Sometimes I forget who I am, what my name is. Here in the Ping Yuen, we just try to make it to another day. I look out at all the laundry hanging on the clothes line next to the dried out bok choy, and I dream one day I am gonna make it outta here. It's a race, between God and the man who tries to keep me down. I have faith most of the times in God, but I tell ya, somedays I have my doubts, like when my mama is beating me down, I have my doubts. One time, she was so angry that she shoved me against my bookcase, knocking down my CP3O model. It went crashing down to the floor, and its arms went flying. My mama don't care. She stomped on the pieces when she went storming outta my room. I sat there listening to Alan Tam playing from the neighbor's open window and cried to myself. It took me almost two days to build the CP3O. I got burns all over my fingers from the hot modeling glue, but I persevered and built it. I was so proud of myself, like for once, it was something I did for myself, from start to finish, I accomplished something. But she didn't even notice. When she looked at me, she just saw another mouth to feed. She said I was dumb like a piece of barbeque pork. I ain't sure what she meant, cuz I don't really know how you measure how smart a barbeque pork is. But that doesn't mean it didn't hurt, for your own mama to think you are useless. Deep down I know mama is just doing the best she knows how. She's got it hard too. It's not her fault. Somewhere it gets passed down, all the anger. People at the Ping Yuen don't got much hope. You see the same pain over and over again. You ain't got no reason to believe.
But my counselor at school believes. She ain't got any skills with the hair and makeup, but she's a nice white lady anyways. She's like, "Don't ever let anybody convince you that you are a piece of barbeque pork. Everybody is good at something. You are good at math, and math will take you far someday." I was like, "How do you know I am good at math?" She was like, "I can see it in you. I can look through your glasses into your eyes, and I see an engineer, or a mathematician, or something like that." I think she's right - it's flowing thru my Chinese blood like a golden dragon. I need to remember my ancestry. I can't let the circumstances drag me down. My people are a proud people. We are not defined by the Chinatown ghetto we live in. We got numbers in our calculating soul. My heart beats like an abacus. Sometimes when my mama is yelling and screaming at me, or when my neighbors are fighting cuz a mahjong game gets really heated, I think about the pythagorean theorum to drown out all the noise. It helps. It helps to know no barbeque pork I know of knows the quadratic formula. My mama don't know it yet, but I am better than a piece of barbeque pork. If my counselor believes in me, then I should believe in me too. The white lady's like a messenger from God. I don't know why in minority stories like this, the messenger from God is always white, but it ain't no difference. I shall rise up.

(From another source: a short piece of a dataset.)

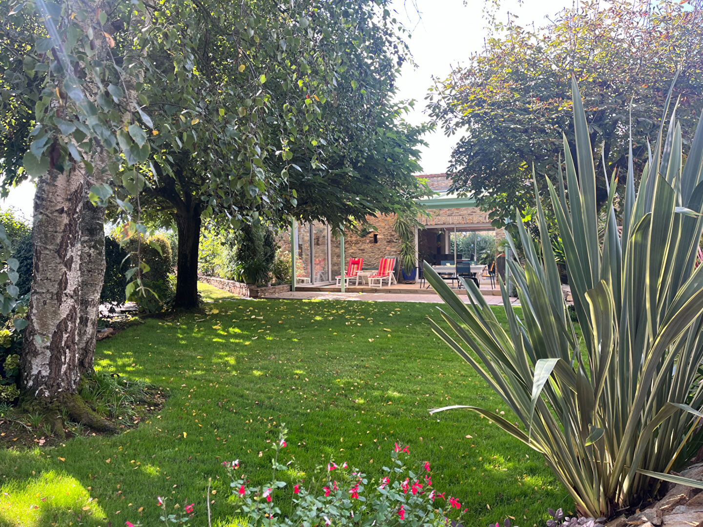 En annexe un carport, une terrasse sur un agréable terrain paysager et arboré de plus de 1300 m² .

Anyways, I am not saying everything is alright just cuz I know a little bit of math. It's still hard. My CP3O is still sitting there on my bookcase armless. My mama has expanded her attack to calling me a salted duck egg instead of barbeque pork. And sometimes there is still urine in the Ping Yuen elevator, and the Wah Ching and Joe Boys are still fighting their turf wars. But it's a good thing to know that even when I forget what my name is and lose my way, God and the white lady counselor will remember me. And no matter the madness and chaos circling me like pitbulls with rabies, a² + b² = c² will always be true.
Math is...precious. Don't you ever forget it.